What happens to your car loan when you die? ›

Any outstanding auto loans remain even if the car owner passes away, as any debts the person owed in life would still need to be paid. Car loans may have a death clause that lays out the repayment process if the borrower dies, and if a will was left, the heir(s) may inherit the vehicle and associated loan.

Do credit card companies know when someone dies? ›

A death notice flags a person's credit reports as "deceased - do not issue credit." If someone attempts to use the deceased person's information to apply for credit, the notice should be displayed when the deceased person's credit report is accessed, informing the creditor the person is deceased.

Can debt collectors go after the family of deceased? ›

If you are the executor or administrator of the deceased person's estate, debt collectors can contact you to discuss the deceased person's debts. Debt collectors are not allowed to say or hint that you are responsible for paying the debts with your own money.

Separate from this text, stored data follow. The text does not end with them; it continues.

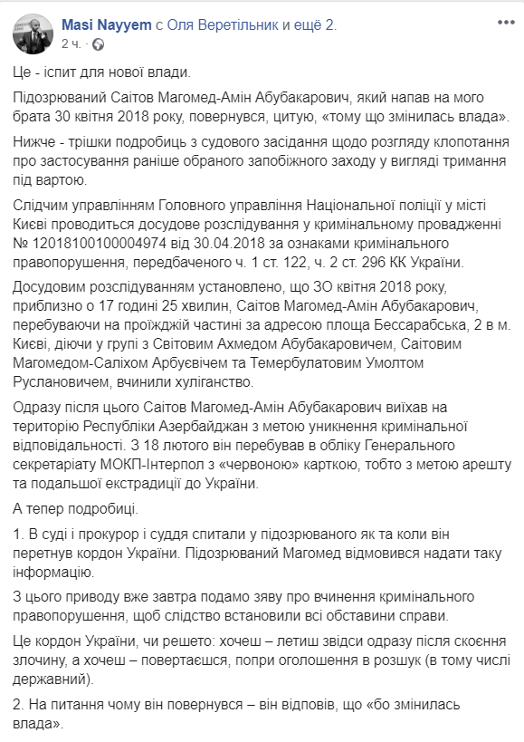 Скриншот: Facebook/Masi Nayyem
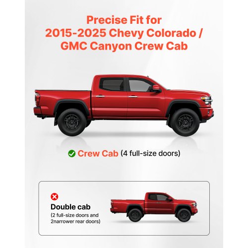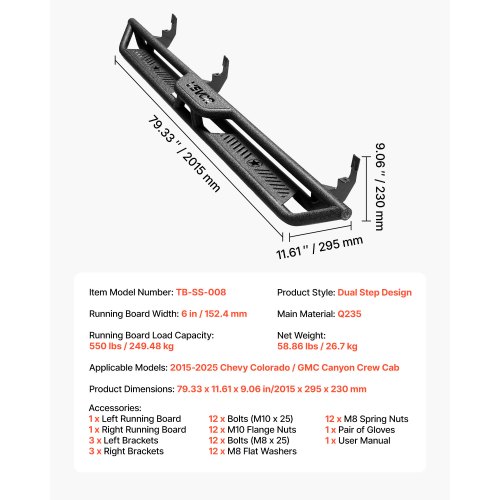 VEVOR Running Boards Nerf Bar Side Step 6 in for 15-25 Chevy Colorado Crew Cab<br/>Exact Fit<br/>One-Step Entry<br/>All-Weather Durability<br/>Practical Design<br/>Wide Application<br/>Side Body Protection<br/>Running Board Width: 6 in/152.4 mm,Running Board Load Capacity: 550 lbs/249.48 kg,Item Model Number: TB-SS-008,Product Style: Dual Step Design,Product Dimensions: 79.33 x 11.61 x 9.06 in/2015 x 295 x 230 mm,Net Weight: 58.86 lbs/26.7 kg,Main Material: Q235
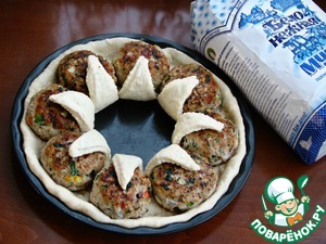 Красивый, ароматный пирог украсит любой праздничный стол. Нежное тесто, в сочетании с мясной и овощной начинкой - никого не оставит равнодушными. Отличный вариант горячей закуски.
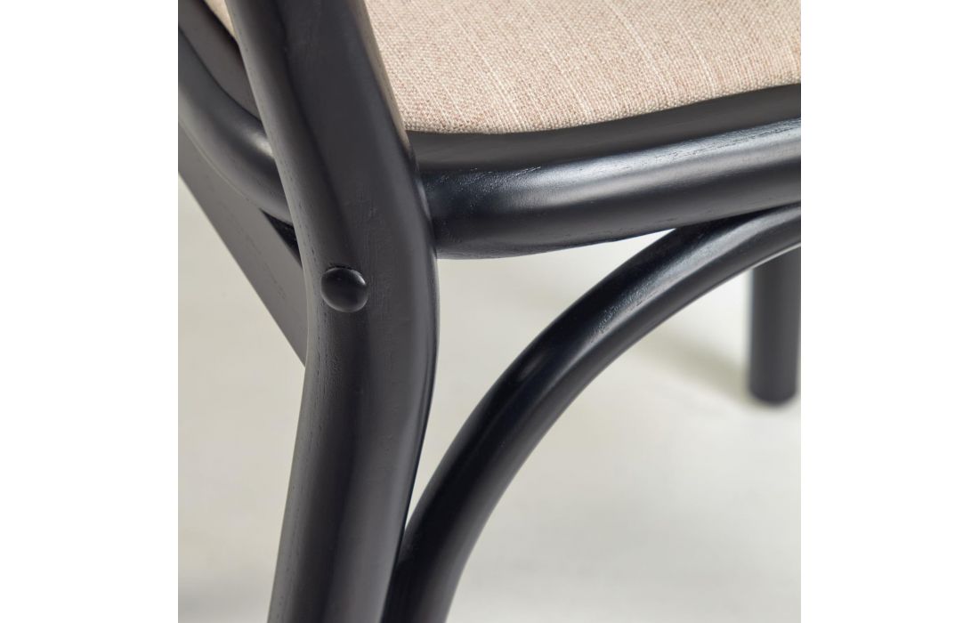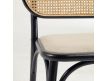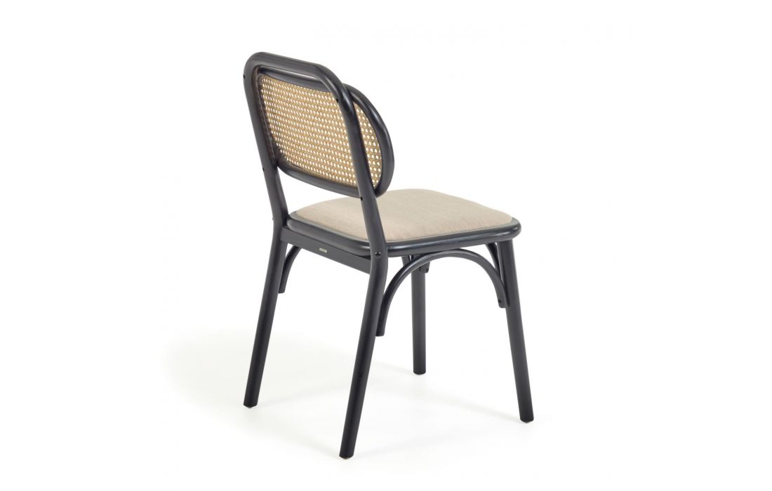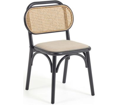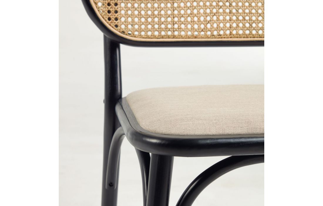 Cadeira em madeira maciça de olmo, acabamento lacado preto, encosto em palhinha e assento em tecido.Destinatário :
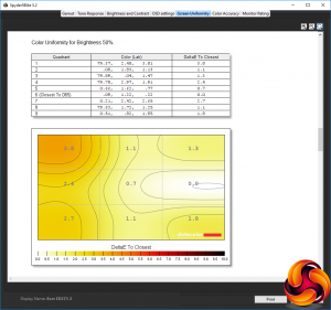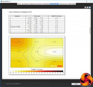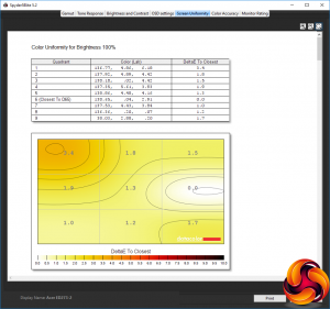 Our main test involves using a DataColor Spyder Elite 5 Colorimeter to assess a display’s image quality. The device sits on top of the screen while the software generates colour tones and patterns, which it compares against predetermined values to work out how accurate the screen is.

Can creditors go after beneficiaries? ›

When a person dies, creditors can hold their estate and/or trust responsible for paying their outstanding debts. Similarly, creditors may be able to collect payment for the outstanding debts of beneficiaries from the distributions they receive from the trustee or executor/administrator.

What type of debt Cannot be erased? ›

Filing for Chapter 7 bankruptcy eliminates credit card debt, medical bills and unsecured loans; however, there are some debts that cannot be discharged. Those debts include child support, spousal support obligations, student loans, judgments for damages resulting from drunk driving accidents, and most unpaid taxes.

What assets are protected from creditors after death? ›

Retirement Accounts, Insurance, Trusts

Retirement account assets and insurance proceeds with designated beneficiaries are treated differently than other assets and provide more protection from creditors.

What debt is unforgivable? ›

Regardless of whether you're seeking out a Chapter 7 or a Chapter 13 bankruptcy, not all debt is eligible for discharge. For example, taxes, spousal support, child support, alimony and government-backed student loans can't be discharged in bankruptcy.

Can creditors go after family members? ›

Similarly, creditors do not have the right to go after the assets of parents, children (for instance, child support), siblings, or any other family members.